As the memory of the numpy array is continguous in memory, I tought

f[-1] = 3

might require the enitre block of memory to be allocated (without touching the entire memory). However, it does not, the utilized memory in htop does not increase by the size of the array. Why is that not the case?


Solution

  • OS isn't even "really" allocating that memory until you try to access it

    This is dependent of the target platform (typically the OS and its configuration). Some platform directly allocates page in physical memory (eg. AFAIK the XBox does as well as some embedded platforms). However, mainstream platforms actually do that indeed.

    1. Is touched memory copied under the hood?
    If I touch chunks of the memory only after a while, is the content of the numpy array copied under the hood by the operating system to guarantee that the memory is contiguous?

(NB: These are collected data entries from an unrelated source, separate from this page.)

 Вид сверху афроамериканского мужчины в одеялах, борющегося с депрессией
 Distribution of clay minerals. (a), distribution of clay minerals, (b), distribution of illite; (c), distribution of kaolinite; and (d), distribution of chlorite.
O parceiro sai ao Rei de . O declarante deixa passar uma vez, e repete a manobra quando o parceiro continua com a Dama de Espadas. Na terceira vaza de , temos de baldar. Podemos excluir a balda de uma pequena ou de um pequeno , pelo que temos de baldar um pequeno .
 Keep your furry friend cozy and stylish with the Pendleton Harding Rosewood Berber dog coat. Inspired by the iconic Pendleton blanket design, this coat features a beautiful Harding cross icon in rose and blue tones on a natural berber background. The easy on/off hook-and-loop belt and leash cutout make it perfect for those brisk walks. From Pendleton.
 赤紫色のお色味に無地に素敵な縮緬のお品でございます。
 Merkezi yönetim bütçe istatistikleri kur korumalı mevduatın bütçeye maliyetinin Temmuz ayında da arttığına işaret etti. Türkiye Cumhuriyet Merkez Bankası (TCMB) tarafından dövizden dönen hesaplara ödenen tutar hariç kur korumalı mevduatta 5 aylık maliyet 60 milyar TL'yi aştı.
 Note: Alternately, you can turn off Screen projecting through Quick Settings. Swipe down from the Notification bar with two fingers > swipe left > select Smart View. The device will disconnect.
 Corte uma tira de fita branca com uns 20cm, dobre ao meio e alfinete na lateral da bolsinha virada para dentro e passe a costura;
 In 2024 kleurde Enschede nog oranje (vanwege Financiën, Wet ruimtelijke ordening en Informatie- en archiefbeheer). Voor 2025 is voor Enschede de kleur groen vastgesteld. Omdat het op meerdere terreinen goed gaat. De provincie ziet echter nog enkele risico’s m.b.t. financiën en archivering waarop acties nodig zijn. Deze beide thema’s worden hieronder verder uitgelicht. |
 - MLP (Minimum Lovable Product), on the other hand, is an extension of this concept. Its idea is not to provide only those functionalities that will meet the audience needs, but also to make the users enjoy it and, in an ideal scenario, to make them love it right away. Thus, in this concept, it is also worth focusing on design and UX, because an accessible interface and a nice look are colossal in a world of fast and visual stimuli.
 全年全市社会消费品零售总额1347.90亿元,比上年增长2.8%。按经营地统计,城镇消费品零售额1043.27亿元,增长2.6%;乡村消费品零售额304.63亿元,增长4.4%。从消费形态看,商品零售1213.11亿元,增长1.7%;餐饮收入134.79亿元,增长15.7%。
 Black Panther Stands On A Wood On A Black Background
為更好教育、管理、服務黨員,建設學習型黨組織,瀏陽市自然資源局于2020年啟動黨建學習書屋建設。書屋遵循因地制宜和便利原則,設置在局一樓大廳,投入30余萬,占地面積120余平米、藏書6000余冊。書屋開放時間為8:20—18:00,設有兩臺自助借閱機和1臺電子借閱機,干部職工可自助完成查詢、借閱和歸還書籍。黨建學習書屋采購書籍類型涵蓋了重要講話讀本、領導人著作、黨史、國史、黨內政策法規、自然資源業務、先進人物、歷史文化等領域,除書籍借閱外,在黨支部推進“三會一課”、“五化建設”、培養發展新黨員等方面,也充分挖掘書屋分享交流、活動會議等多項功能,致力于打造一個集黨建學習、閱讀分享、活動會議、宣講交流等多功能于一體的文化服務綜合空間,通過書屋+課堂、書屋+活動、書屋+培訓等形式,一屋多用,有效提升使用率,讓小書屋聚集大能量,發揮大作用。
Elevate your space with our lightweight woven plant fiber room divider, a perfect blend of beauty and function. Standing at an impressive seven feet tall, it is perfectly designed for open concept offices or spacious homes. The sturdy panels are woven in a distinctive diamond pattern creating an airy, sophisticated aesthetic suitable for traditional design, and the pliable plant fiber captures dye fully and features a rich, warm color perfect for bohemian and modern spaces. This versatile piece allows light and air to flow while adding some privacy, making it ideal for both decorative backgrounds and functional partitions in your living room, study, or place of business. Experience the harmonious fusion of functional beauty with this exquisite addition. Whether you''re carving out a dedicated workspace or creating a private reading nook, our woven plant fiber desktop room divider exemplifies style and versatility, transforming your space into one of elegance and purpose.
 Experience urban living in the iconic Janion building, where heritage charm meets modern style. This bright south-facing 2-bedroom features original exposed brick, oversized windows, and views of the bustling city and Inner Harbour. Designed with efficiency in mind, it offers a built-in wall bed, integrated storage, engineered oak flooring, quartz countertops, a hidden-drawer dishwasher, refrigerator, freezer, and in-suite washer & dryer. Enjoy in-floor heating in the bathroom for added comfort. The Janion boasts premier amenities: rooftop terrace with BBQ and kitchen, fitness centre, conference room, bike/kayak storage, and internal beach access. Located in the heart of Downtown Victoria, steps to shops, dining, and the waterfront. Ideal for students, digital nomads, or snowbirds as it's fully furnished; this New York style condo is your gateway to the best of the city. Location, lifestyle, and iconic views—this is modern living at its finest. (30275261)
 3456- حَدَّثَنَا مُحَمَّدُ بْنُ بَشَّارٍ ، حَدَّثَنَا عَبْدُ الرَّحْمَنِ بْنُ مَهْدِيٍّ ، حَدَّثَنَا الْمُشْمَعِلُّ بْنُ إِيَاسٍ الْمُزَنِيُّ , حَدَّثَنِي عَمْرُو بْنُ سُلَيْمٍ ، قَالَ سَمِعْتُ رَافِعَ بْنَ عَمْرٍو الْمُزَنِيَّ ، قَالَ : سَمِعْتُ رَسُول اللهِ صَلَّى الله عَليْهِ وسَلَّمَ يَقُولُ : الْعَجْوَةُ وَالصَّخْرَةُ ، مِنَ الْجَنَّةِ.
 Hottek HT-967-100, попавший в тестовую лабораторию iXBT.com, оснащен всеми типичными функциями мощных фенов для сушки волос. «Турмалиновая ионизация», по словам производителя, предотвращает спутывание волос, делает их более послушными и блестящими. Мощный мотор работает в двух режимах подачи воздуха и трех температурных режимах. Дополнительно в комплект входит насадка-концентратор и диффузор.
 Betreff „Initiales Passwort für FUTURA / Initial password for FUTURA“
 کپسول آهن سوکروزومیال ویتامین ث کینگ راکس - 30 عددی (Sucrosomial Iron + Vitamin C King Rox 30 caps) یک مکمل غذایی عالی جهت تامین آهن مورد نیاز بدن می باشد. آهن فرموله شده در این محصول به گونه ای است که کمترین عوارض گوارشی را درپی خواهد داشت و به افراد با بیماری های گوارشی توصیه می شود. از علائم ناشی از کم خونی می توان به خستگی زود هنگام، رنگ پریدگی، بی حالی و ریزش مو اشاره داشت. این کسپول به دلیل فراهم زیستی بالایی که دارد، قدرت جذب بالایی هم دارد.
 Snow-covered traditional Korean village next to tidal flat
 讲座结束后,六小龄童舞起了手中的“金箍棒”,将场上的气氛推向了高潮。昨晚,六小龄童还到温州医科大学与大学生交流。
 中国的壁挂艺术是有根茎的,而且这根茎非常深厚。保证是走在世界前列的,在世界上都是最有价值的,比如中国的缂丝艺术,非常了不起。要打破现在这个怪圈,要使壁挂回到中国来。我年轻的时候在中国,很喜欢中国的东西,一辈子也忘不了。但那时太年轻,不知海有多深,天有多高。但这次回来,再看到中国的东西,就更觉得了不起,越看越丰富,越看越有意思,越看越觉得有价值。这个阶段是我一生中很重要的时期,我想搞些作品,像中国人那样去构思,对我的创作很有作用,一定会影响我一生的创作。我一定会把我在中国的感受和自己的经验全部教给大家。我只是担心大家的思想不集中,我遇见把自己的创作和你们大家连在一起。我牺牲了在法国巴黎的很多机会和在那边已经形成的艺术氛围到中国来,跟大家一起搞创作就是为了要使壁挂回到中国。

    Allocations are perform in virtual memory. When a first touch is done on a given memory page (chunk of fixed sized, eg. 4 KiB), the OS maps the virtual page to a physical one. So only one page will be physically map when you set only one item of the array (unless the item cross two pages which only happens in pathological cases).

    The physical pages may not be contiguous for a contiguous set of virtual pages. However, this is not a problem and you should not care about it. This is mainly the job of the OS. That being said, modern processors have a dedicated unit called TLB to translate virtual address (the one you could see with a debugger) to physical ones (since this translation is relatively expensive and performance critical).

    virtual memory example

    The content of the Numpy array is not reallocated nor copied thanks to paging (at least from the user point-of-view, ie. in virtual memory).

    2. Touching the last element
    I thought f[-1] = 3 might require the entire block of memory to be allocated (without touching the entire memory). However, it does not, the utilized memory in htop does not increase by the size of the array. Why is that not the case?

    Only the last page in virtual memory associated to the Numpy array is mapped thanks to paging. This is why you do not see a big change in htop. However, you should see a slight change (the size of a page on your platform) if you look carefully. Otherwise, this should mean the page has been already mapped due to other previous recycled allocations. Indeed, the allocation library can preallocate memory area to speed up allocations (by reducing the number of slow requests to the OS). The library could also keep the memory mapped when it is freed by Numpy in order to speed the next allocations up (since the memory do not have to be unmapped to be then mapped again). This is unlikely to occur for huge arrays in practice because the impact on memory consumption would be too expensive.